Item 1. | Security and Issuer |
(a) | Title of Class of Securities:
Common Stock, $0.001 par value per share |
(b) | Name of Issuer:
Replimune Group, Inc. |
(c) | Address of Issuer's Principal Executive Offices:
500 Unicorn Park Drive, Suite 303, Woburn,
MASSACHUSETTS
, 01801. |
Item 1 Comment:
Information given in response to each item shall be deemed incorporated by reference in all other items, as applicable. |
Item 2. | Identity and Background |
|
(a) | The Reporting Persons are Baker Bros. Advisors LP (the "Adviser"), Baker Bros. Advisors (GP) LLC (the "Adviser GP"), Julian C. Baker and Felix J. Baker (collectively, the "Reporting Persons"). |
(b) | The business address of each of the Reporting Persons is:
c/o Baker Bros. Advisors LP
860 Washington Street, 3rd Floor
New York, NY 10014
(212) 339-5690 |
(c) | The Adviser is an entity engaged in investment activities, and the Adviser GP is in the business of acting as its general partner and, through the Adviser, investment activities. The principal business of each of Julian C. Baker and Felix J. Baker is to serve as a managing member of the Adviser GP. |
(d) | During the past five years, none of the Reporting Persons nor any of 667, L.P. ("667") and Baker Brothers Life Sciences, L.P. ("Life Sciences"), collectively, (the "Funds") has been convicted in a criminal proceeding (excluding traffic violations or similar misdemeanors) and as a result of such proceeding was or is subject to a judgment, decree or final order enjoining future violations of, or prohibiting or mandating activities subject to, federal or state securities laws or finding any violation with respect to such laws. |
(e) | During the past five years, none of the Reporting Persons nor any of the Funds has been a party to a civil proceeding of a judicial or administrative body of competent jurisdiction and as a result of such proceeding was or is subject to a judgment, decree or final order enjoining future violations of, or prohibiting or mandating activities subject to, federal or state securities laws or finding any violation with respect to such laws. |
(f) | The Adviser is a limited partnership organized under the laws of the State of Delaware. The Adviser GP is a limited liability company organized under the laws of the State of Delaware. The citizenship of each of Julian C. Baker and Felix J. Baker is the United States of America. |
Item 3. | Source and Amount of Funds or Other Consideration |
| The disclosure in Item 4 below is incorporated herein by reference.

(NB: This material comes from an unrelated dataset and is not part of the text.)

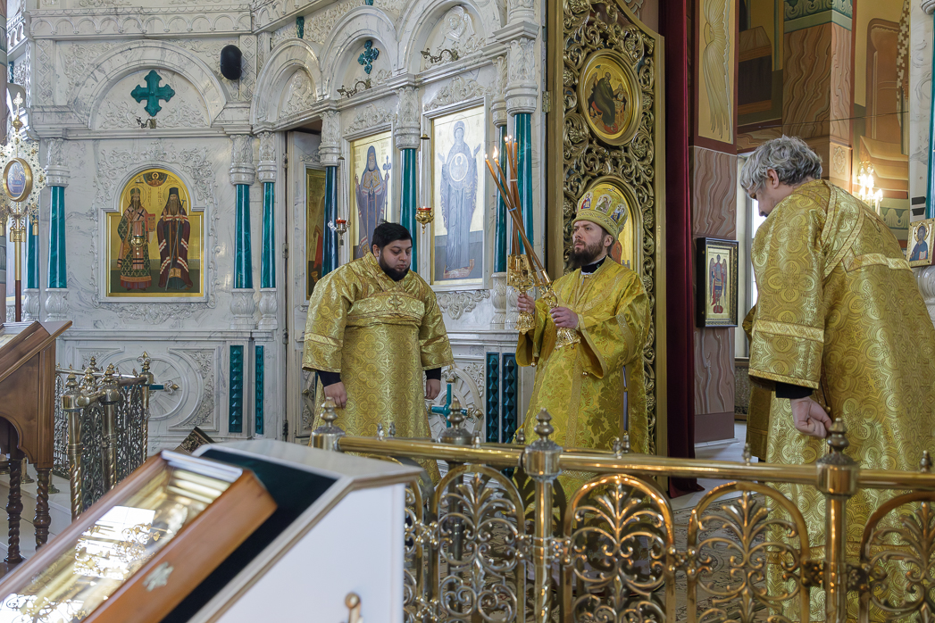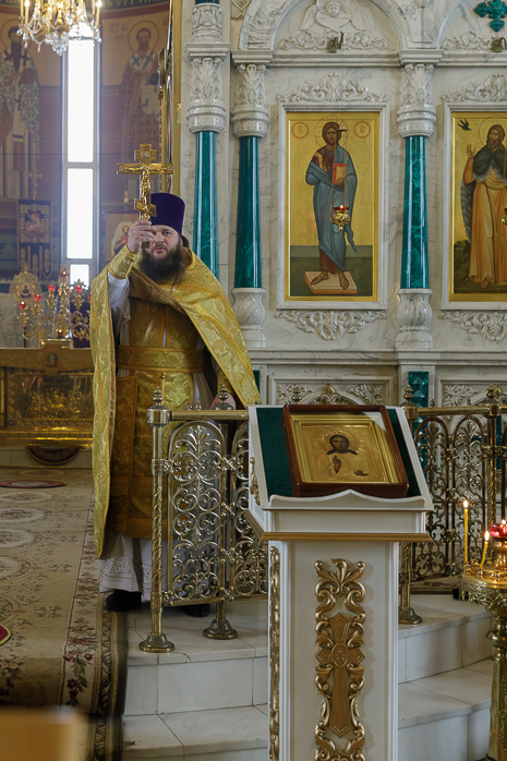 Богослужебные песнопения исполнил хор собора под управлением регента Марины Куделиной.
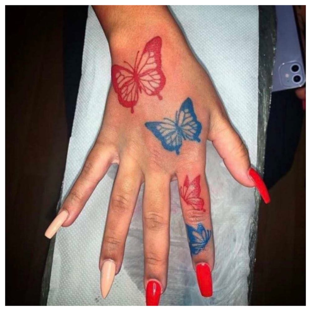 Butterfly tattoo designs in blue can make a great small butterfly tattoo hand art as shown here. Dividing the butterfly in two allows. Red butterflies are also symbolic themselves to many cultures.

The securities of Replimune Group, Inc. (the "Issuer") held by the Funds reported herein were purchased with working capital of the Funds in the open market, in transactions with the underwriters and in a private placement directly with the Issuer. The Funds acquired 4,542,391 warrants in underwritten public offerings in June 2020, October 2020, and December 2022 to purchase shares of common stock of the Issuer ("Common Stock") that are exercisable at any time on a 1-for-1 basis into Common Stock at an exercise price of $0.0001 per warrant with no expiration date, subject to beneficial ownership limitations described in Item 5 (the "2020/2022 $0.0001 Prefunded Warrants"). The Funds acquired 3,846,184 warrants in an underwritten public offering in November 2024 to purchase shares of Common Stock that are exercisable at any time on a 1-for-1 basis into Common Stock at an exercise price of $0.0001 per warrant with no expiration date, subject to beneficial ownership limitations described in Item 5 (the "2024 $0.0001 Prefunded Warrants"). The Funds acquired 5,669,578 warrants in a private placement in June 2024 to purchase shares of Common Stock that are exercisable at any time on a 1-for-1 basis into Common Stock at an exercise price of $0.001 per warrant with no expiration date, subject to beneficial ownership limitations described in Item 5 (the "$0.001 Prefunded Warrants", and together with the 2020/2022 $0.0001 Prefunded Warrants and the 2024 $0.0001 Prefunded Warrants, the "Prefunded Warrants"). All other securities were purchased by the Funds in the open market. The aggregate purchase price of the securities of the Issuer directly held by the Funds reported herein was approximately $337,883,672.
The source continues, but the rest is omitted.